## Work to be completed
Quote word for word the lines below, beginning with the first and ending with the one that has "Poached Egg ←". Drop the pictures.

## Dataset extract

<<<<

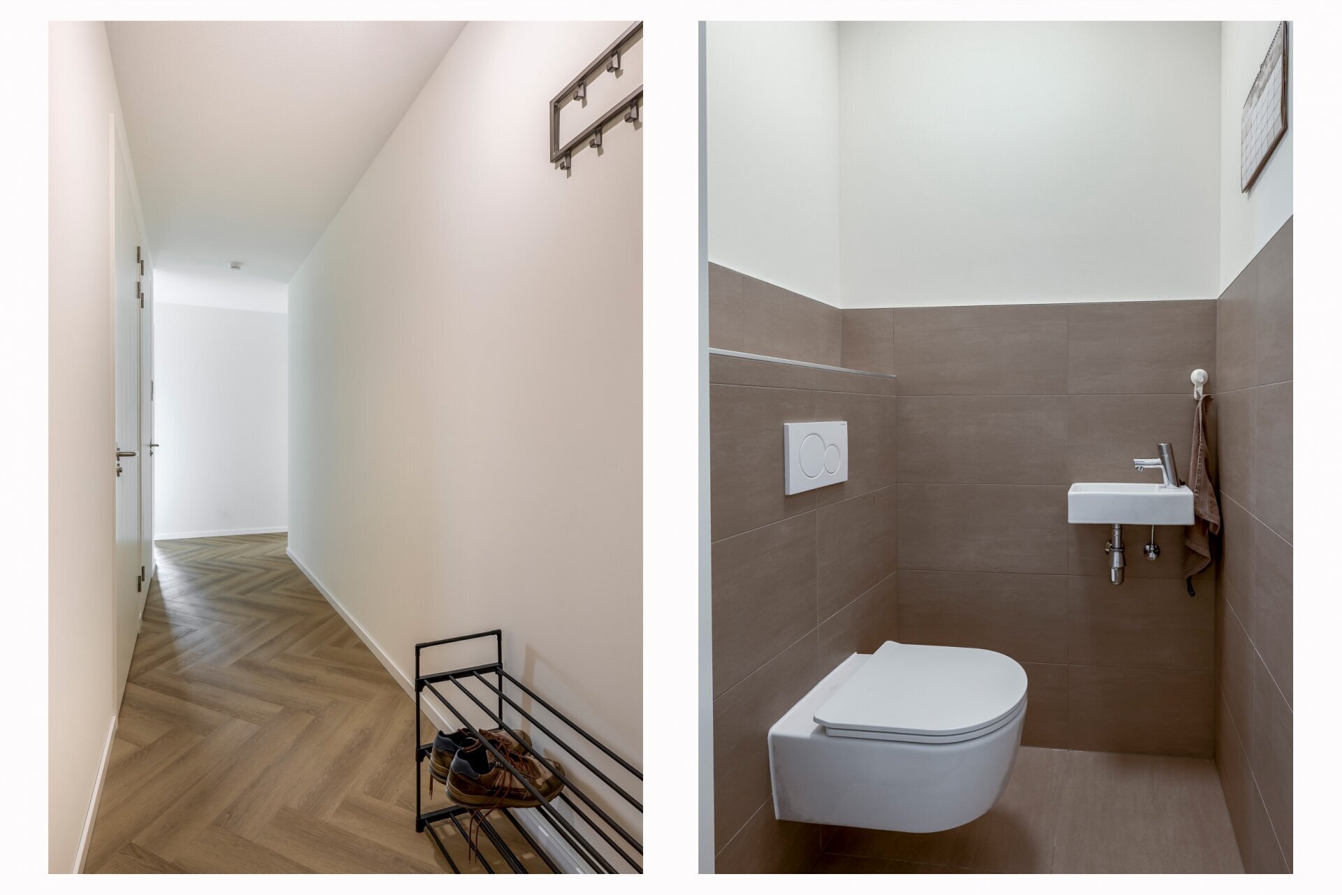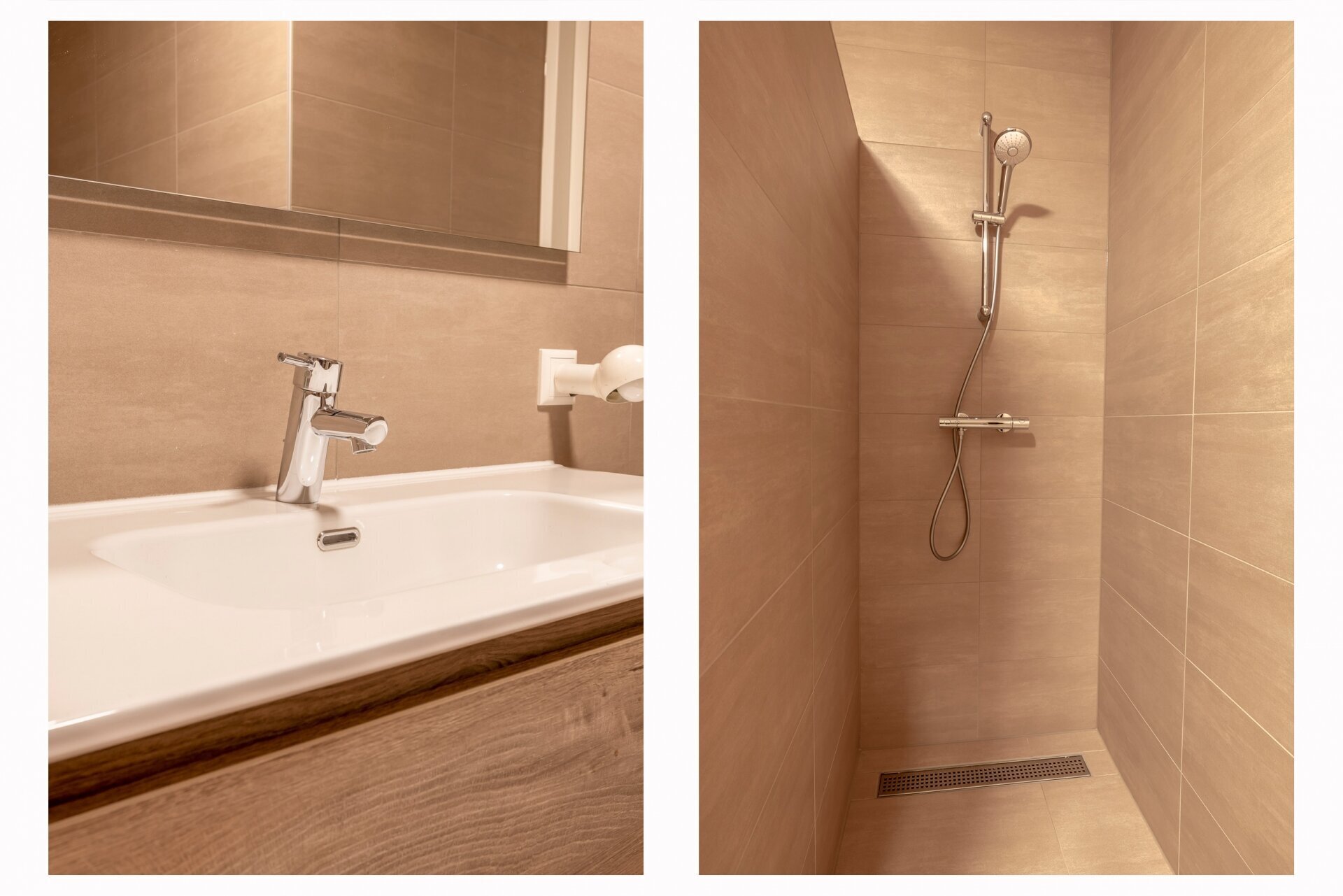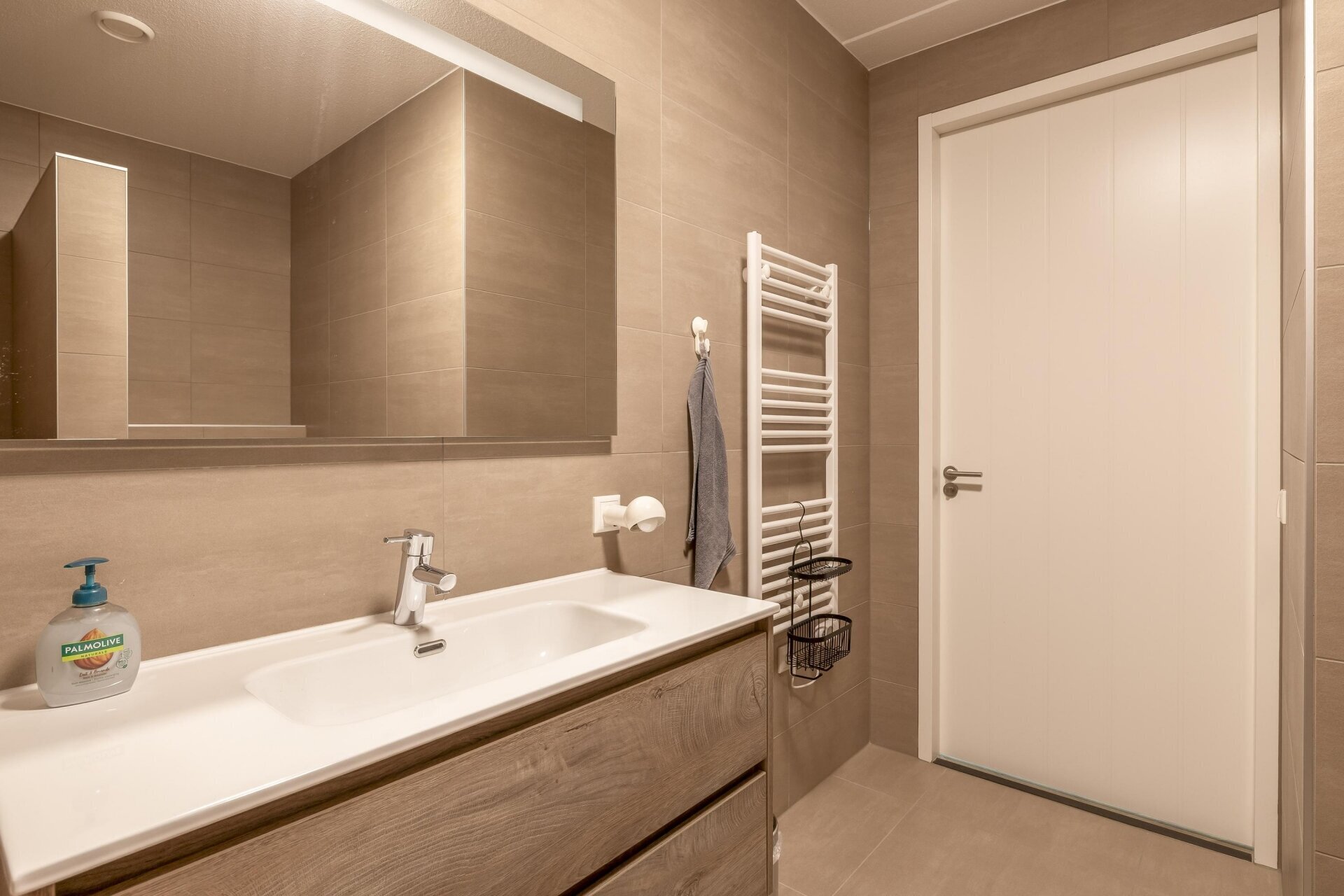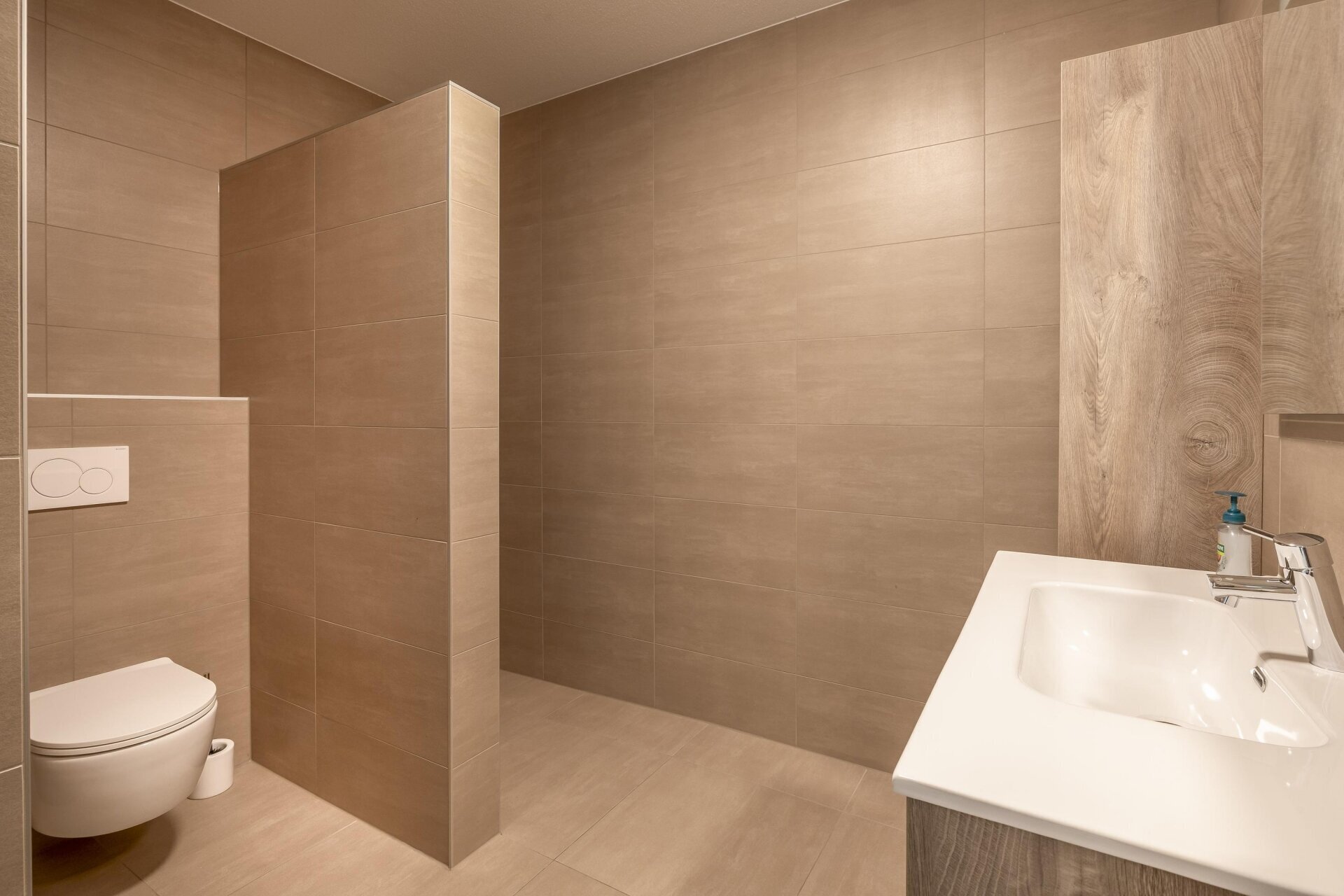 De badkamer is ruim opgezet en uitgevoerd in een moderne stijl, met een inloopdouche, wastafelmeubel en toilet. Uiteraard is er een separaat toilet aanwezig in dezelfde luxe afwerking. Alles is gelijkvloers en toekomstbestendig: een appartement waar je zonder zorgen oud kunt worden.
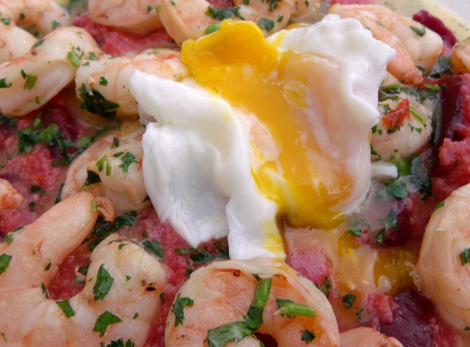 Red Beet Grits With Shrimp In Garlic/Herb Butter And Poached Egg ← Previous Next → Red Beet Grits With Shrimp In Garlic/Herb Butter And Poached Egg
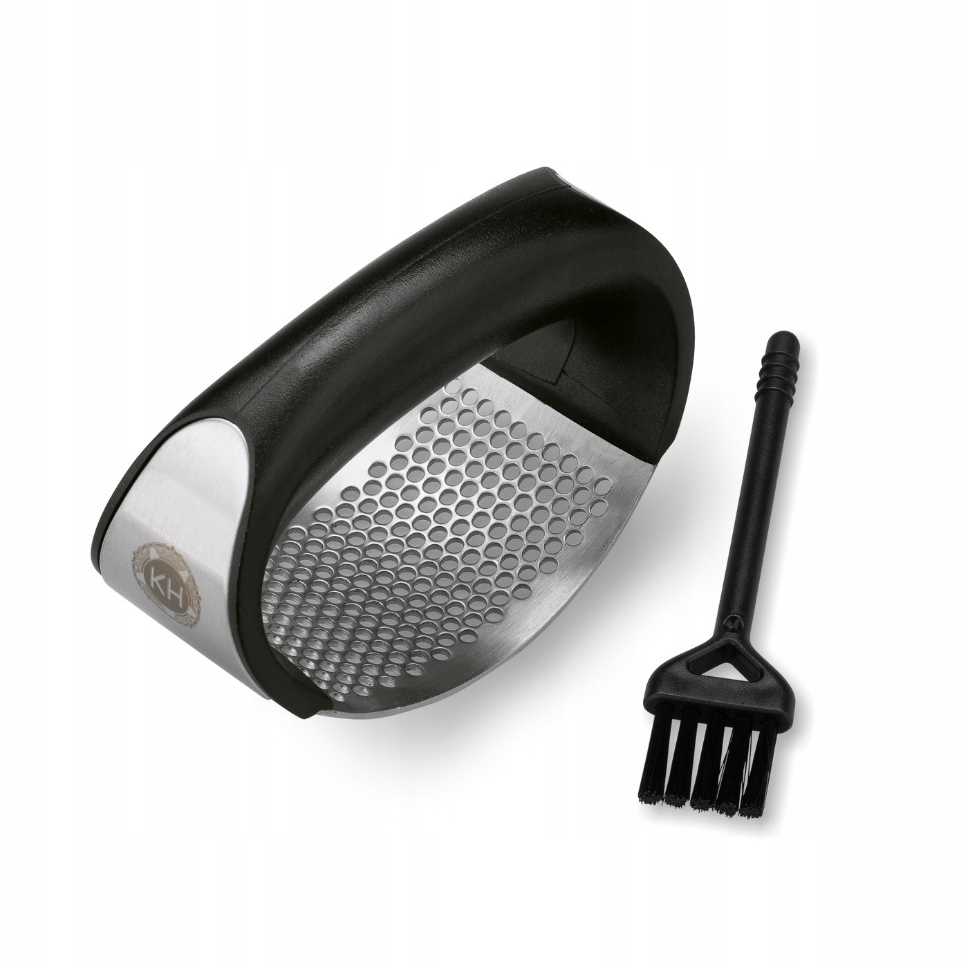 Часникодавка Konighoffer зі щіткою виготовлена з нержавіючої сталі. Це забезпечує довговічність і хороший захист від запахів. Завдяки численним маленьким отворам кожен зуб буде ретельно притиснутий. Чорна профільована ручка добре лежить в руці. Зубна щітка, що входить в комплект, полегшить догляд за соковижималкою.
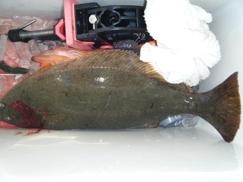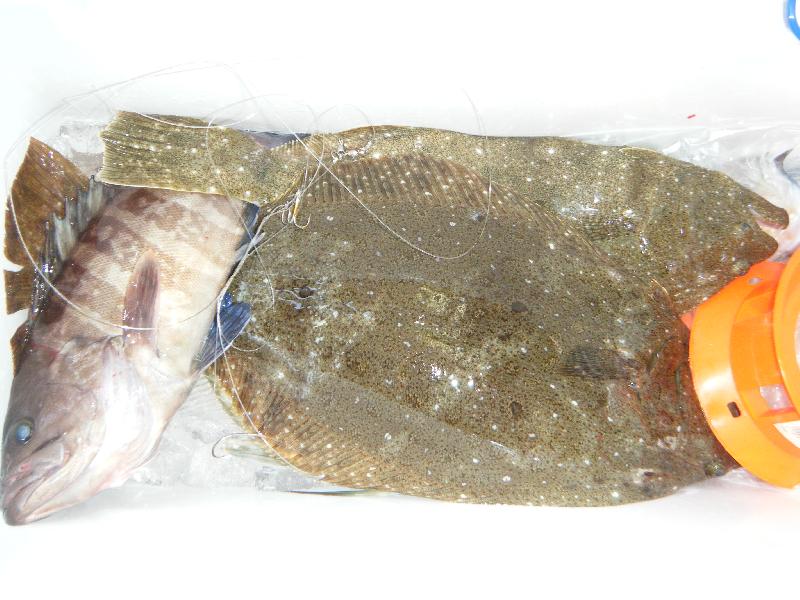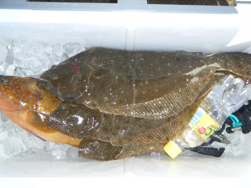 愛知県豊田市の稲垣さん2人 ヒラメ(45〜49cm)1・3匹 外道にキジハタ |
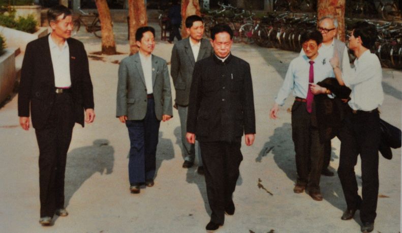 时任中共中央政治局委员、四川省委书记杨汝岱和校长余子勤亲切交谈
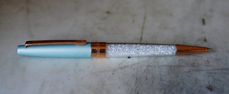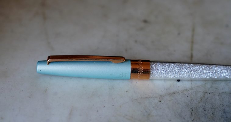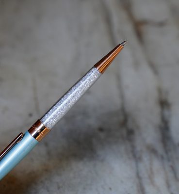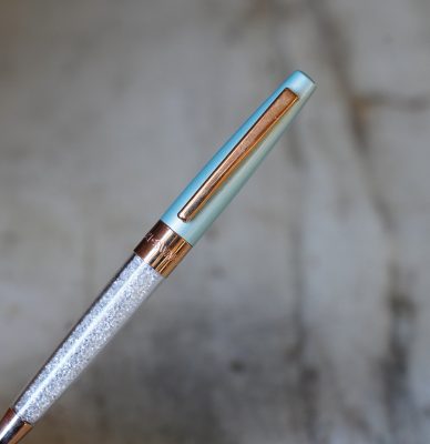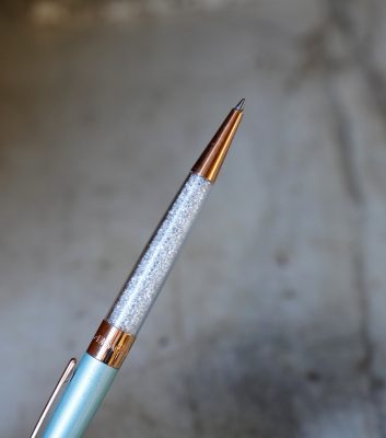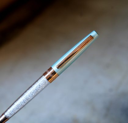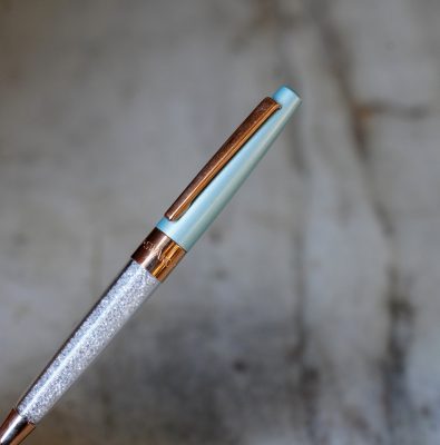 STYLO BILLE SWAROVSKI EN RESINE VERT METALLISE & MOTIF PAILLETE
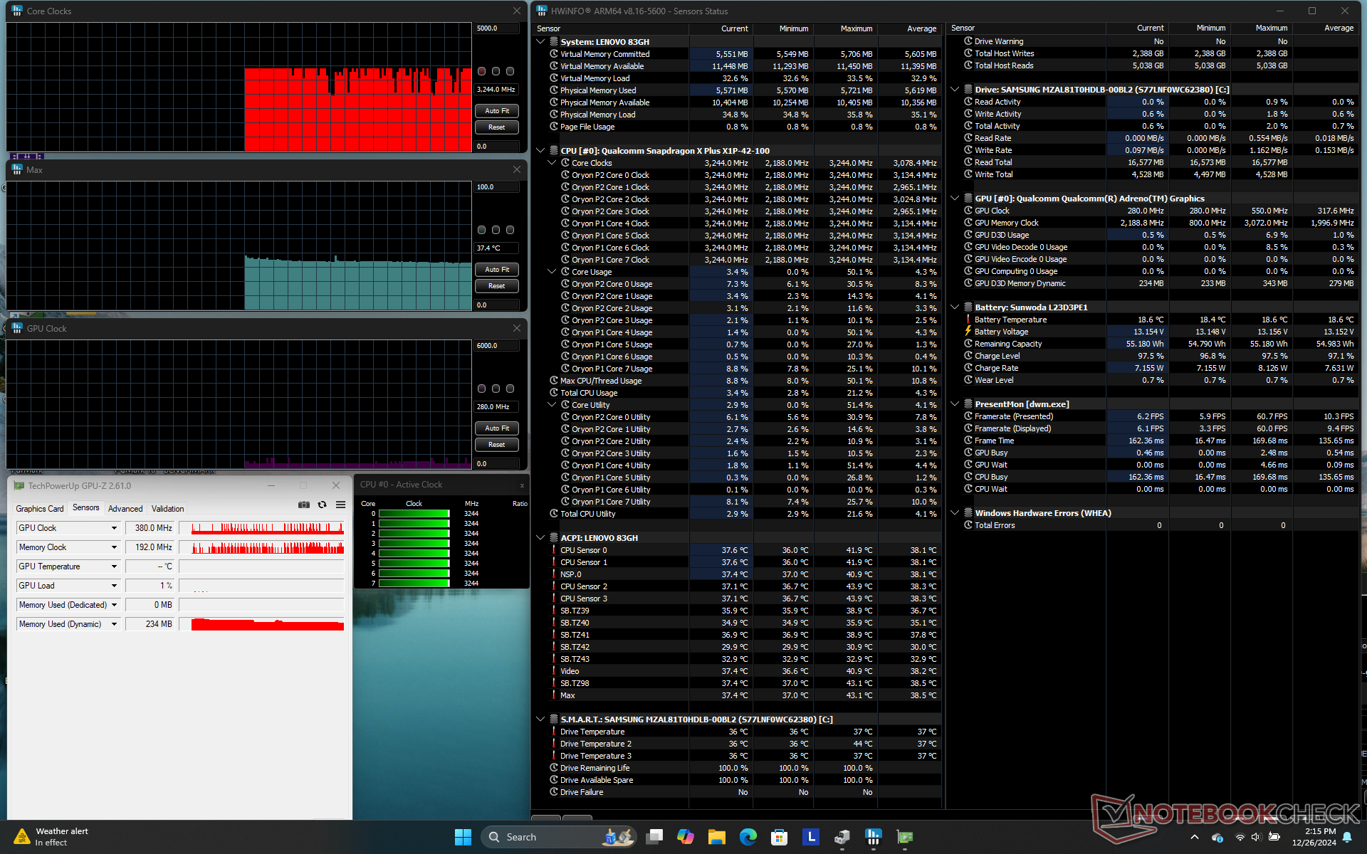 La duración de la batería sigue siendo uno de los aspectos más destacados de poseer un PC impulsado por Snapdragon en lugar de uno tradicional AMD o Intel. Hemos sido capaces de registrar una autonomía de algo más de 16 horas con el paquete de batería interna de 57 Wh de tamaño decente, en comparación con las "sólo" 9,5 horas del ThinkPad E14 G6 que funciona con el antiguo Core Ultra 7 155U. Los portátiles más nuevos con Lunar Lake, como el Asus Zenbook S 14siguen estando por debajo de nuestro Lenovo en un par de horas, incluso con su mayor paquete de baterías de 72 Wh.
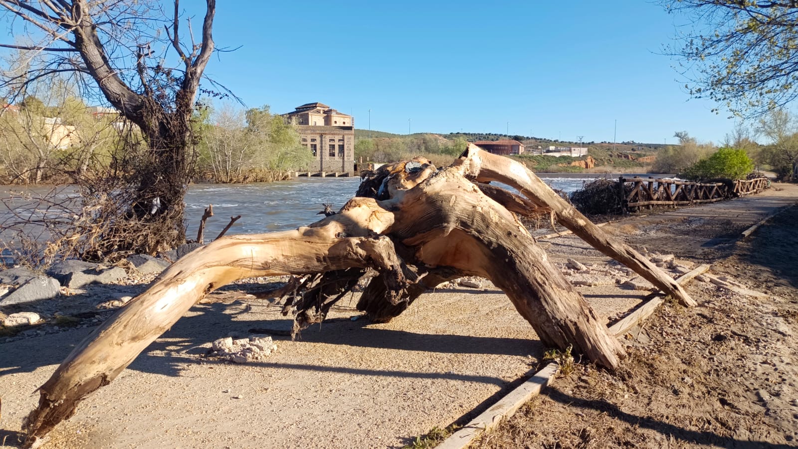 Entre las imágenes que deja la senda ecológica, que ha estado cortada en varios tramos anegados de agua por la crecida del río, impresiona un enorme resto de arbolado que abarca todo el ancho de la misma. Además, hay varias zonas en las que este sendero ligado al río ha sufrido destrozos y ha perdido parte de la tierra que lo compone.

>>>>

## Result of this exercise
 De badkamer is ruim opgezet en uitgevoerd in een moderne stijl, met een inloopdouche, wastafelmeubel en toilet. Uiteraard is er een separaat toilet aanwezig in dezelfde luxe afwerking. Alles is gelijkvloers en toekomstbestendig: een appartement waar je zonder zorgen oud kunt worden.
 Red Beet Grits With Shrimp In Garlic/Herb Butter And Poached Egg ← Previous Next → Red Beet Grits With Shrimp In Garlic/Herb Butter And Poached Egg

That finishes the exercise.